I titled my presentation “Prediction is All You Need.” It’s a reference to “Attention Is All You Need,” the seminal paper that is basically the foundation for large language models, the GenAI models we are talking about. I’m alluding to the fact that there’s an element missing with GenAI today. And I’ll explain more as we go.

A little bit about myself: I’ve been doing AI for 15 years now in academia and industry. In academia, mostly at Tel Aviv University, and in industry, at Pecan. A quick word about Pecan, the startup that Noam, my co-founder, and I started together.

Pecan is like a data scientist in a box. I came to the realization that artificial intelligence, machine learning, data science, and predictive analytics — there are many other names that we can throw out there — are amazing capabilities that businesses can and should use. We also came to realize that it’s very hard to implement those capabilities.

‎I want to illustrate what it means to run a good data science or AI project. Let’s look at this example. Let’s call this person John. John is having a conversation with the support center of his cable provider. You don’t need to be a data scientist to predict that John is going to churn, but you might have been able to predict that churn a month in advance. You could have known that this was going to escalate.
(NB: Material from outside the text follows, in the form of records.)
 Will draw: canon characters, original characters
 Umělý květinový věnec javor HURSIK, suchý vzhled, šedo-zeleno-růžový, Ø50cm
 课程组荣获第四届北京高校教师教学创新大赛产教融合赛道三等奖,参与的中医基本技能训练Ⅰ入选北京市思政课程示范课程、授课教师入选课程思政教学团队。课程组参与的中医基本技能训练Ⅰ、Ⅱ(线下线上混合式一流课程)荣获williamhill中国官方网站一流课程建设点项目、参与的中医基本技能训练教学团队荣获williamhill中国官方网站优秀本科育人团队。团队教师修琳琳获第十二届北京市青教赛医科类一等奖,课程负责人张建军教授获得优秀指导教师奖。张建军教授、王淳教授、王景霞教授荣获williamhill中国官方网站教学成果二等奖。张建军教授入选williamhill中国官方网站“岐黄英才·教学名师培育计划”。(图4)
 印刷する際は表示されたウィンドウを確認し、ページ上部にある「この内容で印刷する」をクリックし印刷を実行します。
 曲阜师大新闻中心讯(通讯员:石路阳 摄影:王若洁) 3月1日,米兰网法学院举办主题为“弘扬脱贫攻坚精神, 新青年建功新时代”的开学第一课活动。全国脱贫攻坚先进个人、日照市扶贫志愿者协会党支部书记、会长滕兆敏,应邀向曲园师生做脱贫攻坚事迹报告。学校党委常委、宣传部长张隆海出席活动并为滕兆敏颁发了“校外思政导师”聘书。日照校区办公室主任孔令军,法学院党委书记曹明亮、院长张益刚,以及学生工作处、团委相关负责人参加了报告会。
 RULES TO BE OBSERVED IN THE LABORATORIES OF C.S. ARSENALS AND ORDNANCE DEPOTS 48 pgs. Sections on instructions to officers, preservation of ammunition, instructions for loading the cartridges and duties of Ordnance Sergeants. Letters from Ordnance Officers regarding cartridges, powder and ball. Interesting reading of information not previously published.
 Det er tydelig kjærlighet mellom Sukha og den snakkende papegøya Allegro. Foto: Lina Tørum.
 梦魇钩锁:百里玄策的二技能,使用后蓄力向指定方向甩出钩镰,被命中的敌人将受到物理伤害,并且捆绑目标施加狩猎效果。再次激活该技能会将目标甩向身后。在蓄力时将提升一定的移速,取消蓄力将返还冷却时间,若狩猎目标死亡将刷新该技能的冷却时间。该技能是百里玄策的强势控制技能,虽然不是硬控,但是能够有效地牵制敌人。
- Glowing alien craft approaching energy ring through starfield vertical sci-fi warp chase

As the cable provider, you could have preempted this behavior by, for example, providing John with a promotion a month ahead, making him more comfortable with the cable provider he’s subscribing to. That’s the world of data science, transactional data science, or predictive analytics. There are many names out there.

Let’s demystify what happens under the hood. Traditionally, you have data within organizations: proprietary data, transactions, events, promotions, interactions with the call center, and many other types of data. Those have to be collated, aggregated, and prepared for machine-learning algorithms. Then, you have machine learning. It generates predictions.
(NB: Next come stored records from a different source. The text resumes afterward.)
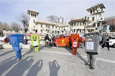 志愿者宣傳垃圾分類。何欣 攝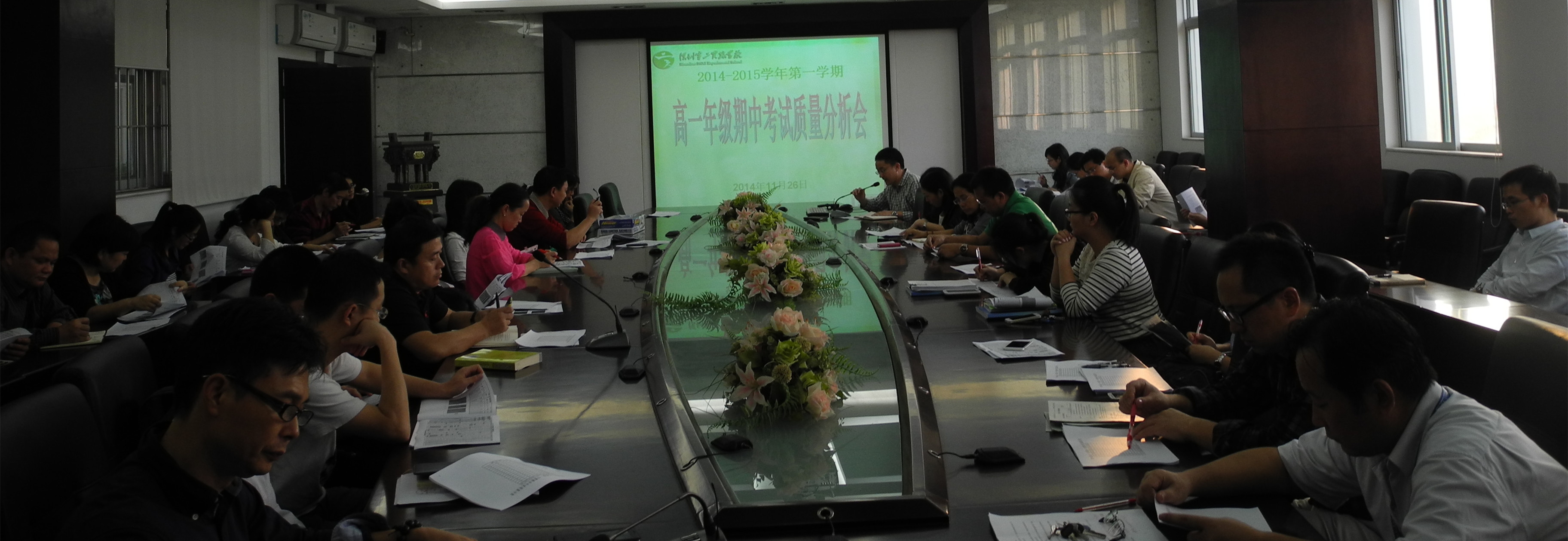 11月26日下午4点30分,高一年级期中考试质量分析会在综合楼10楼会议室隆重召开。校领导赵立校长、李雅萍副校长、梁清泉主任、林伟主任莅临会议现场,高一年级九大学科全体教师参加了本次会议。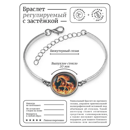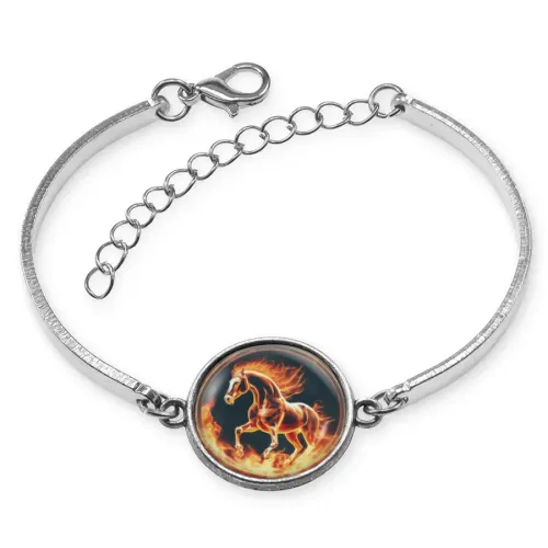 Браслет из бижутерного сплава с декоративным элементом «Огненная лошадь» под выпуклой стеклянной линзой.

For example, John is going to churn next month. And then, based on those predictions, you act to retain John from churning, for instance. Pecan is wrapping all of these capabilities into an automated box. That’s what we are doing.

GenAI came roughly a year ago into the center of the stage and made AI something everyone’s talking about. And make no mistake, we all believe GenAI is amazing. It’s so amazing that it can actually pass an MBA exam at Wharton. That might also say something about MBA exams at Wharton — but that’s a different topic.
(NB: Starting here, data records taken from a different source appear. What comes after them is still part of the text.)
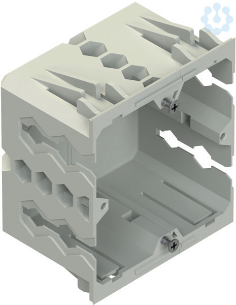 Geräteeinbaudose, einfach, frontrastend, vormontiert, bestehend aus linkem und rechtem Modul, zur Befestigung in der Deckelaufnahmekontur von Gerätekanälen, seitliche hexagonale Kabeldurchführöffnungen ermöglichen eine wirksame Kabelrückhaltung bei gängigen Leitungen wie NYM 3x1,5 mm² und NYM 3x2,5 mm², mit 60 mm Befestigungsspur, zur Aufnahme von Einbaugeräte mit 80 mm Abdeckrahmen, beliebig erweiterbar zu 2-, 3-, 4-fach usw. unter Verwendung des Erweiterungsmoduls GDMM 50 VW, halogenfrei. Der Querschnitt ca. 2702 mm² ist vom nutzbaren Querschnitt des Gerätekanals abzuziehen. Verwendung für : Gerätekanalunterteile GKU ..., DKU ... Pultkanalunterteile PGU ..., PLU ... Aluminiumkanalunterteile GAU ..., DAU ... Energiesäulen ESDB 133/..., ESED 133/..., ESDD 133/... Abmessungen (ca. Maße) Höhe H : 80 mm Breite B : 71 mm Tiefe T : 50 mm für Deckelöffnung : 78 mm Schutzart : IP20 Glühdrahtprüfung nach VDE 0471/DIN IEC 695 : 650°C Farbton : verkehrsweiß RAL : 9016 (ähnlich) Werkstoff Dosenkörper : PA (Polyamid), flammwidrig, selbstverlöschend Werkstoff Senkkopfschrauben : Stahl, galvanisch verzinkt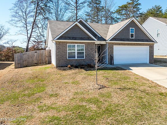 At almost 1800 sq ft, this Newer 4 Bedroom Ranch Style Home (NO STEPS) is conveniently located right off Hwy 321 and backs up to a farm for privacy! Amenities to include: Brick & Stone Front, City Sewer, Open Floor Plan, Plantation Blinds Throughout, Covered Front Porch, Entry Way, Split Bedrooms, Upgraded Eat-In Kitchen (w/ granite countertops, white shaker cabinet w/ crown molding, pantry, stainless appliances, island w/ bar, luxury vinyl flooring), Living Rm (w/ luxury vinyl flooring, open to kitchen & dining), Spacious Primary Suite (w/ walk-in closet), Primary Bath (w/ double vanity, tub/shower combo, newly redecorated water closet), 3 Additional Bedrooms, Guest Bath (w/ tub/shower combo, oversized vanity), Laundry Room (w/ storage), and 2 car garage. The covered back porch overlooks the fully fenced yard while enjoying the privacy behind backing up to a 24 acre farm. This home is on a cul de sac and in the perfect location- minutes from Downtown Maryville, Townsend, the Smoky Mountains, and the local hospital. Homes like these don't come available often so schedule your showing today!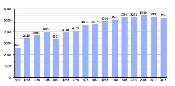 Gráfica de evolución demográfica de Yamanakako entre 1940 y 2015 |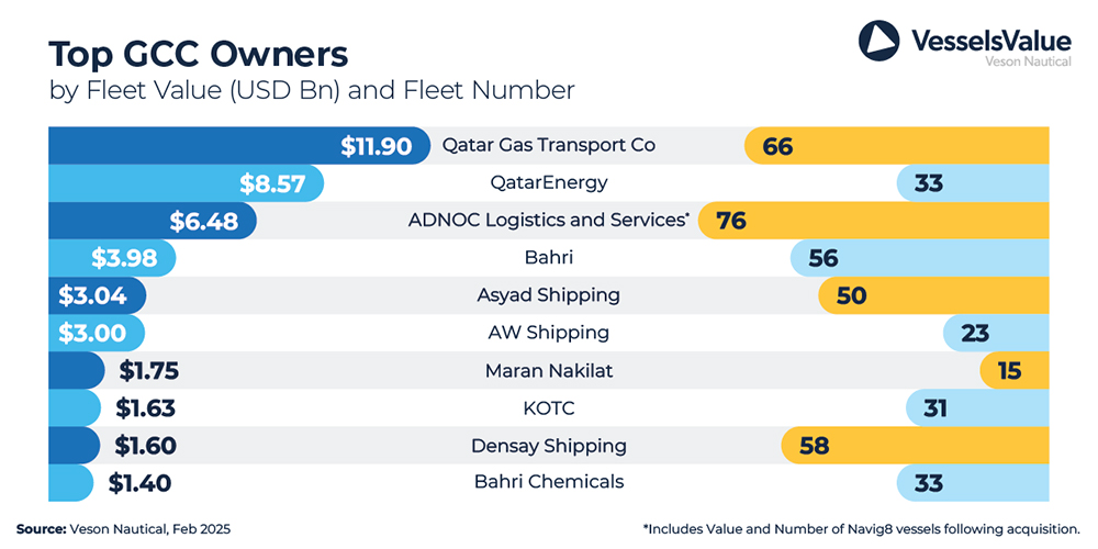 VesselsValue verilerini kullanan Veson Nautical, Körfez İşbirliği Konseyi (KİK) bünyesindeki ülkelerin sahip olduğu filoyu gündemine alarak 2024 yılında en çok yeni gemi inşa edecek 10 alıcıya, sipariş edilen en popüler gemi tiplerine ve bölgedeki en önde gelen gemi sahiplerine dikkati çekiyor.

ChatGPT can actually guide your adventure in D&D — in Dungeons and Dragons. And here’s probably the most amazing image I’ve ever seen. You can go and meet Picasso and ask him to create your Picasso-style portrait. How mind-blowing.

Get started today and let your data drive results in weeks

Book a 30min demo

‎ So, yes, GenAI is amazing. But what happened in the last few years that prepared everything for the emergence of such a fantastic technology? So, first of all, these state-of-the-art modeling capabilities developed over time. There is an immense amount of data out there.

But mind you, the publicly available data is mostly text and images or videos. There aren’t many business or transactional datasets [available for training models]. And that’s a crucial point for our discussion today.

Lastly, the compute — the availability and the commoditization of compute. It’s just so accessible that everyone can play with these types of models, and that’s amazing as well.

‎There’s one more reason why I think GenAI is so mind-blowing. I call it the “grandmother test.”

In the past, if you would try to explain to my grandmother what I was doing for a living, she was puzzled. She couldn’t get it. But if you put a grandmother in front of ChatGPT, she gets it. She gets it immediately, and it’s mind-blowing for her, too. There’s a fantastic effect for AI from this type of grandmother effect, for sure.

And relatedly, there’s a phenomenon called the “uncanny valley.” “Uncanny valley” means that we, as humans, have an aversion to machines that try to emulate or mimic human behavior that is close to human behavior but is not exactly human behavior.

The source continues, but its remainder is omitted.